ーー今回『変な絵』でも作中に91枚のイラストなどが挿入されているんですが、漫画的表現に影響を受けた部分は大きいですか?

雨穴氏 そうですね。もともと横溝や乱歩を知る以前に、『名探偵コナン』のアニメを見てミステリーの面白さを知ったんです。はじめはトリックやロジカルな部分よりも、とにかく怖い描写や魅力的な登場人物たちに惹かれまして、そこから徐々に物語の筋書きやミステリに興味を持ち小説も読み漁るようになりました。他にも漫画では『Q.E.D. 証明終了』の「人間花火」などのエピソードが好きです。

ーー最近の小説ではどうでしょうか?

雨穴氏 小説の構成の勉強として、浅倉秋成さんの『六人の嘘つきな大学生』を読み返しました。
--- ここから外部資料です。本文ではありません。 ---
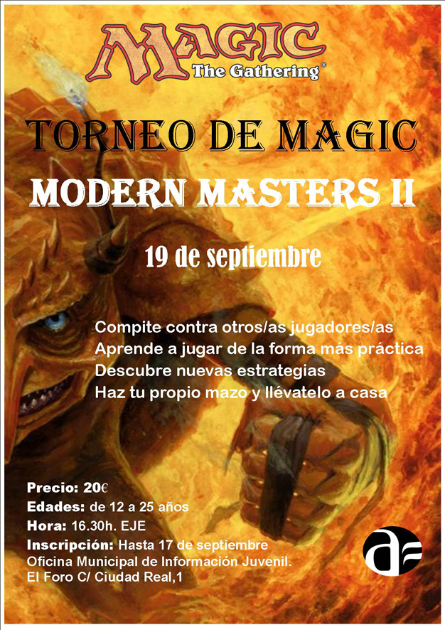 Los jóvenes con edades comprendidas entre los 12 y los 25 años que deseen participar en los torneos de cartas Magic y Yugi-Oh organizados por el Ayuntamiento y  que se celebrarán el próximo 19 de septiembre pueden formalizar ya su inscripción. La concejala de Juventud, Carmen Luque, ha recordado que "las plazas son limitadas y que la inscripción se mantiene abierta hasta el día 17 de septiembre, en la Oficina Municipal de Información Juvenil del Foro". En esta edición, los dos torneos cambian de ubicación y se celebrarán en la sala multiusos del Espacio Joven Europeo (EJE).En el caso de las cartas Magic, el precio de inscripción es de 20 euros, mientras la participación en Yugi-Oh lleva aparejada el pago de 1,5 euros.Propuestas de los jóvenesCarmen Luque ha destacado que estas dos actividades "surgen de las propuestas planteadas por los jóvenes en el LibrEspacio, un programa con el que el Ayuntamiento ayuda a que iniciativas juveniles puedan ser realidad". En este sentido, la edil recuerda que de este espacio -que abre los martes y miércoles de 16:30 a 18 horas- ha surgido también la celebración del I torneo juvenil de voley-playa, que se celebrará el día 12 de septiembre en la pista del San Miguel y cuyo plazo de inscripción también está abierto" (más información, AQUÍ). Para facilitar el desarrollo del torneo, se ofrece a los equipos inscritos que lo deseen la posibilidad de participar el viernes 11 de septiembre, desde las 17:30 horas, en una jornada de entrenamientos libres.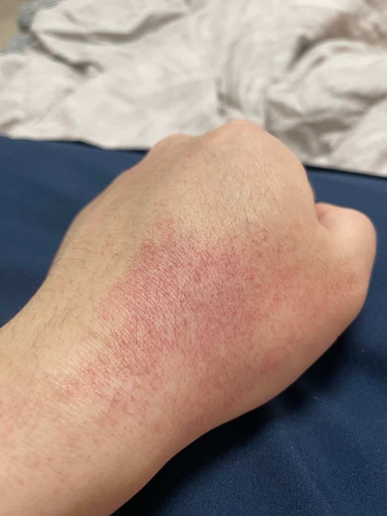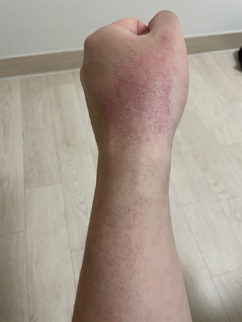 올려주신 사진과 내용으로 미루어 강한 압박으로 인한 혈액순환 장애로 인한 저림증과 피하 점상 출혈의 가능성이 생각됩니다.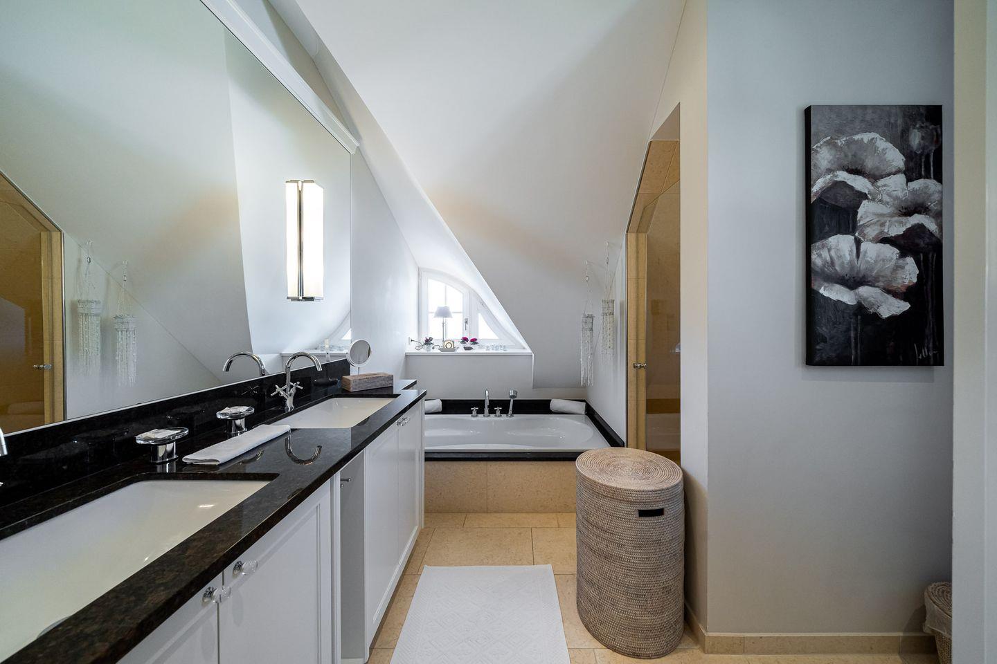 Tritt ein - in den Sonnenlicht durchfluteten Wohnraum, der über eine gemütliche Sitzecke am Kamin und einem einladenden Essbereich verfügt. Bereits vom Wohnraum aus genießt du den traumhaften Blick zur Ostsee. Die separate Küche bietet neben der hochwertigen Einbauküche auch einen kleinen Esstisch. Das Gäste-WC und ein Hauswirtschaftsraum befinden sich ebenfalls im Erdgeschoss. Über eine imposante Treppe gelangst du ins Dachgeschoss. Hier angekommen erwartet dich das seeseitig liegende Schlafzimmer mit Doppelbett, TV und einem Sekretär mit tollem Ausblick. Eine eigene Ankleide, ein luxuriöses Bad mit Doppelwaschtisch/ Badewanne/Wellnessdusche/WC sowie ein Balkon sorgen für weiteren Wohnkomfort. Das zweite Schlafzimmer verfügt ebenfalls über ein Doppelbett und einen TV. Das angrenzende Badezimmer ist mit einer Wellnessdusche ausgestattet.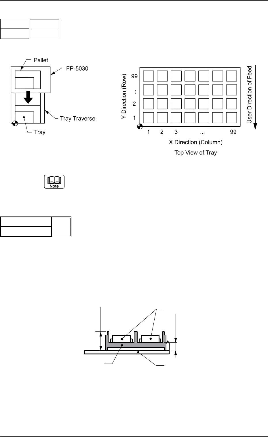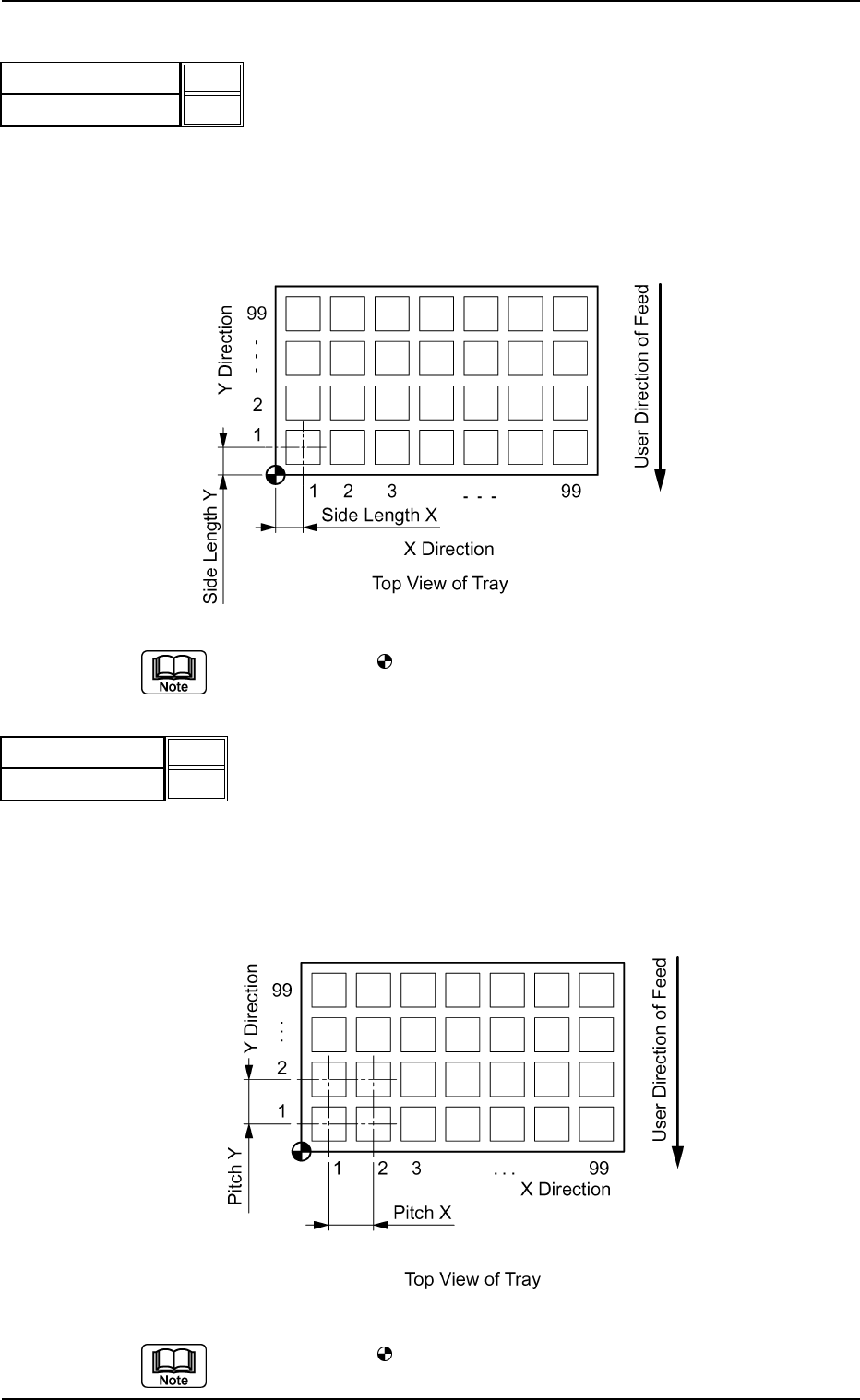 Set the dimensions X and Y between the tray origin and the center of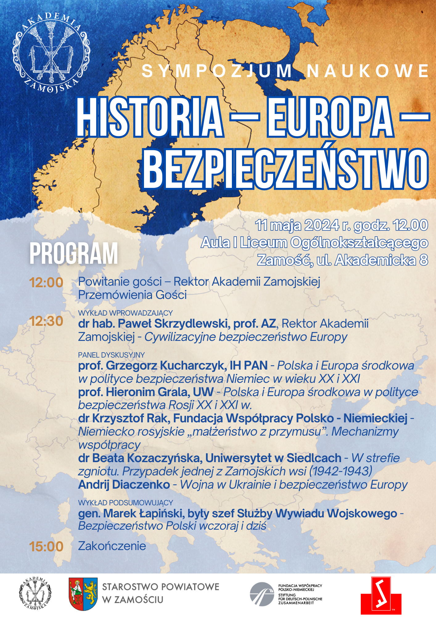 Akademia Zamojska i Starostwo Powiatowe w Zamościu we współpracy z Fundacją Współpracy Polsko-Niemieckiej oraz Związkiem Polaków w Niemczech zapraszają na sympozjum naukowe „Historia – Bezpieczeństwo -Europa”.

この本を読みながらノートに展開をメモしてみると、構成がページ数ごとに均等に作られていることが分かったんです。同時に、物語を読み進めるための推進力となる「謎」が変化しながらも、常に2~3個維持されている、という点にも驚きました。

 たとえば「密室殺人が起きた」というシーンからはじまる推理小説があったとすると、その時点で「どうやって密室を作ったのか」「犯人は誰なのか」という2つの謎が生まれます。読者はこの2つの謎の真相が知りたくてページをめくるわけですが、少なくとも現代においては、推進力をたった数個の謎だけに依存するのは危険だと思います。読者はミステリーを読みなれていますし、現代人には小説以外にもたくさんの娯楽がありますから。
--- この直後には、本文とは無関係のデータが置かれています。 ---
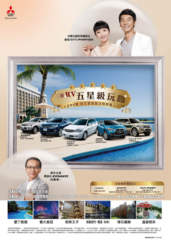 Mitsubishi特別精選了礁溪老爺大酒店、花蓮遠雄悅來大飯店、高雄義大皇冠假日飯店、璞石麗緻溫泉會館與墾丁凱撒大飯店等10家五星級飯店,凡於月底前到全省經銷商購買Savrin、Zinger、Outlander、ASX、Pajero任一款RV車,立即招待你入住五星級大飯店!而換購Zinger的車主好康多更多,買新車還可有享舊換新方案或入住五星級大飯店二擇一的超值優惠,活動詳情請洽全省Mitsubishi展示中心或5230網站(http://www.mitsubishi-motors.com.tw/)。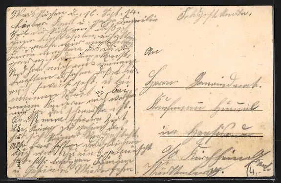 Personenbezogene Daten auf der Rückseite der Karte wurden durch blauen Textmarker unkenntlich gemacht. Die blauen Stellen sind auf die Vorderseite durchgeweicht und wirken sich negativ auf das Postkartenfoto aus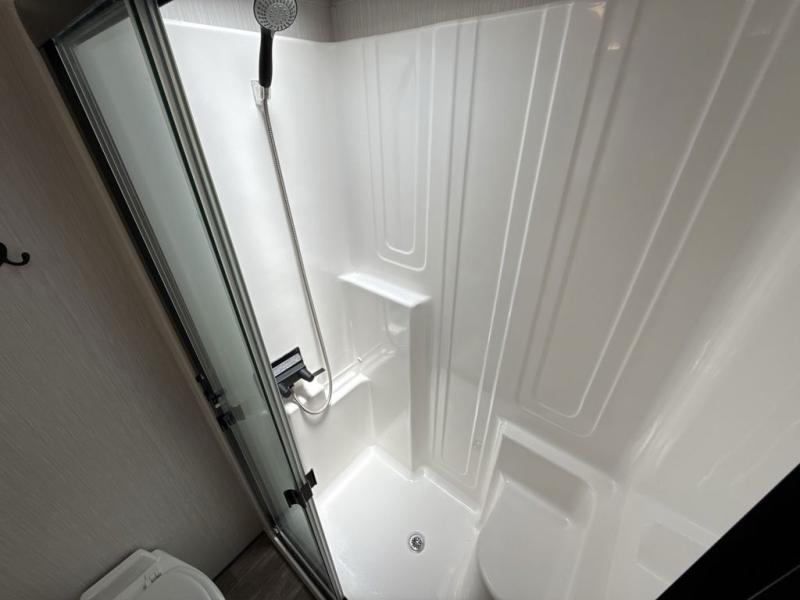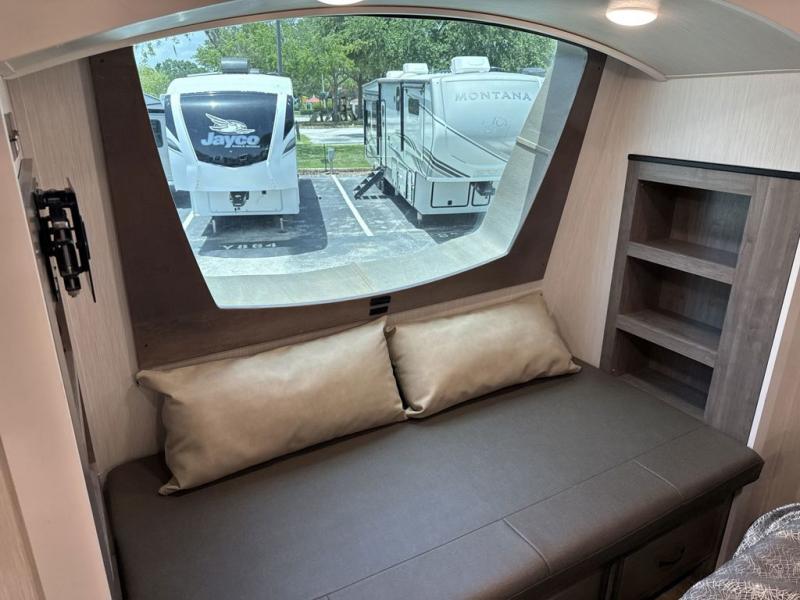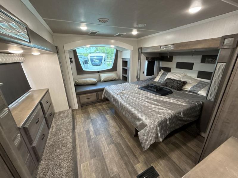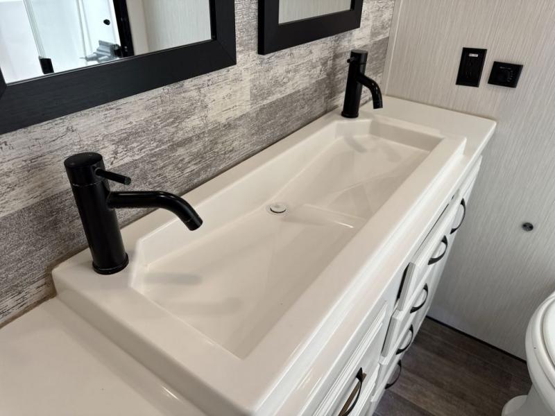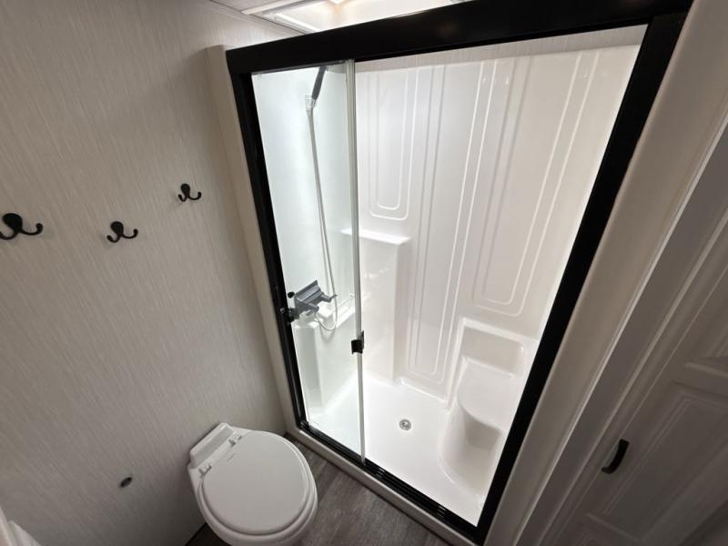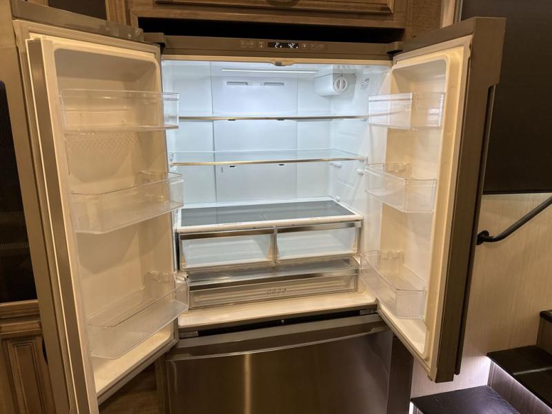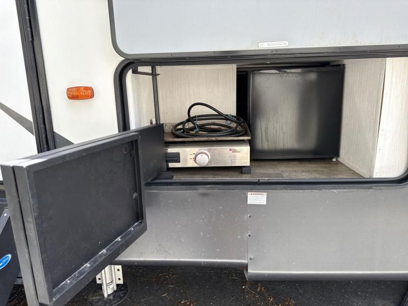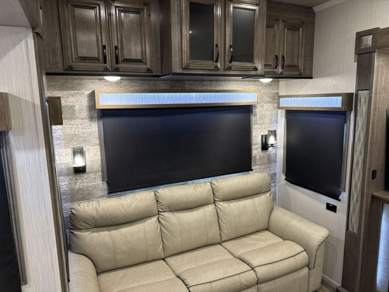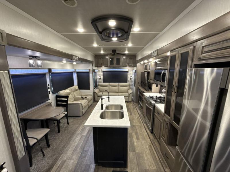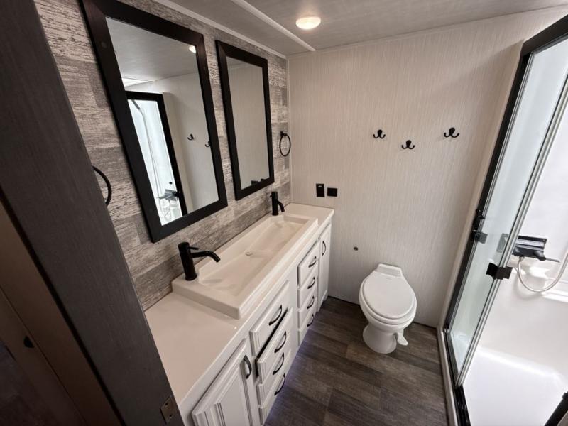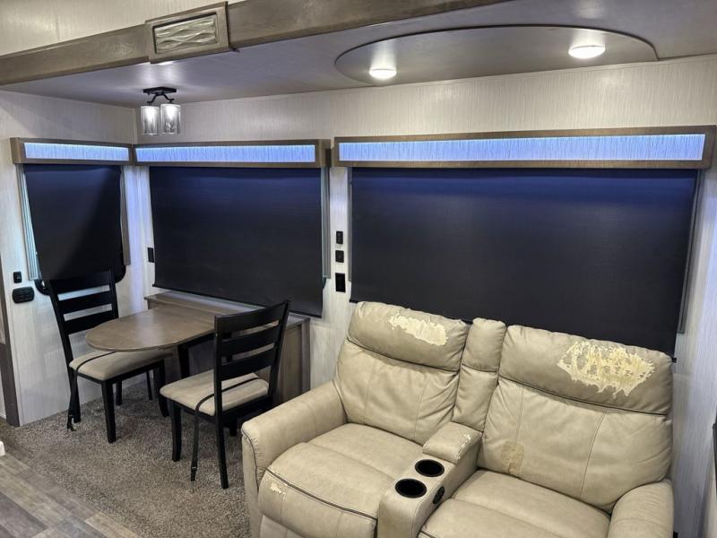 Stay in luxury in this fifth wheel with your own private bedroom including a bench with storage to sit and read a book or place your shoes on, two slide outs offering more interior floor space to walk around your upgraded luxury king mattress and watch a show on the 32" TV. You can add a washer/dryer option if you like, and the vanity will come in handy when getting ready for the day. The full bathroom offers two faucets in the large sink, plus a shower with a seat. The cook will surely love all the floor space with large dual slide outs in the combined living and kitchen area to make meals. The kitchen island is a great place to serve meals, wash dishes and you can add a dishwasher drawer option if you like. The fireplace with thermostat, the 55" 4K TV, and the power theater seats plus hide-a-bed sofa offer a cozy place to relax and visit with other RVers. And you might like to add the pull-out kitchen option to cook outdoors.

 その点、『六人の嘘つきな大学生』は、一つの謎が解決されたと思ったら、また別の謎が出てくる、というように、謎が数十ページごとに変化しながら、常に2~3個の謎がキープされています。これより少ないと飽きてしまいますし、これより多いと、読者が全体像を把握できなくなる危険がありますから、本当にちょうどいいバランスだと思います。
 ぜひ参考にしようと思って私も小説を書く前に、全体の設計図を描いてみましたが、全然活用できませんでした。難しいですね。

宇田川氏 『六人の嘘つきな大学生』は売りに売りまくりましたね。浅倉さんは「伏線の狙撃手」という異名通り、伏線づかいが素晴らしいんですよね。展開の面白さもそうですが、最後にあるメッセージが読者に提示されるんです。就活中で面接が怖いと思っている人には、ぜひ読んでとおすすめしています。私どもと同じ千葉県の作家さんということもありますし!
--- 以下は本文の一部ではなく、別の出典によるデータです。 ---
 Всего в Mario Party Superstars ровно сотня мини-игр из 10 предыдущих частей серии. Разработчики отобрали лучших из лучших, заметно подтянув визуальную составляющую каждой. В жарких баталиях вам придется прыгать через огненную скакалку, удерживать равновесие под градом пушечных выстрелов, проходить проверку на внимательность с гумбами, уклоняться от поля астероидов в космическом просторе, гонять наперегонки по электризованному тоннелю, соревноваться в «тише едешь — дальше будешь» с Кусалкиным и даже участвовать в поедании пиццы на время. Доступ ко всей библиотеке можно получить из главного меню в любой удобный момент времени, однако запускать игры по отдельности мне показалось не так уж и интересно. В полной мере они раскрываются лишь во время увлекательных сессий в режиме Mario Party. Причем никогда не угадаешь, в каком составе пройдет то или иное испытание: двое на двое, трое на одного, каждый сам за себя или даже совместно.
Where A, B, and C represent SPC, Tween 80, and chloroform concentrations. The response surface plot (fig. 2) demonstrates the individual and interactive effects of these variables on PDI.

内田氏 浅倉さんはもともと力のある作家ですが、『6人の嘘つきな大学生』で一気にブレイクしましたね。今年発売された『俺ではない炎上』も大変評価が高く、これからの活躍が楽しみな方です。
 あと今年の作品では夕木春央さんの『方舟』の衝撃がすごかった。さきほど宇田川さんが「景色が変わること」がいいミステリー作品の条件だとお話しされていましたが、『方舟』はその最たる例で、ラストに見えていた景色が真逆になってしまうんです。読んだ人は誰かに話したくてウズウズしていたと思います。

宇田川氏 悪魔の笑い声が最後にこだまして終わるような、後味の悪さが最高の作品でした。

雨穴氏 まだ読めていなかったので、ぜひすぐに買ってみようと思います。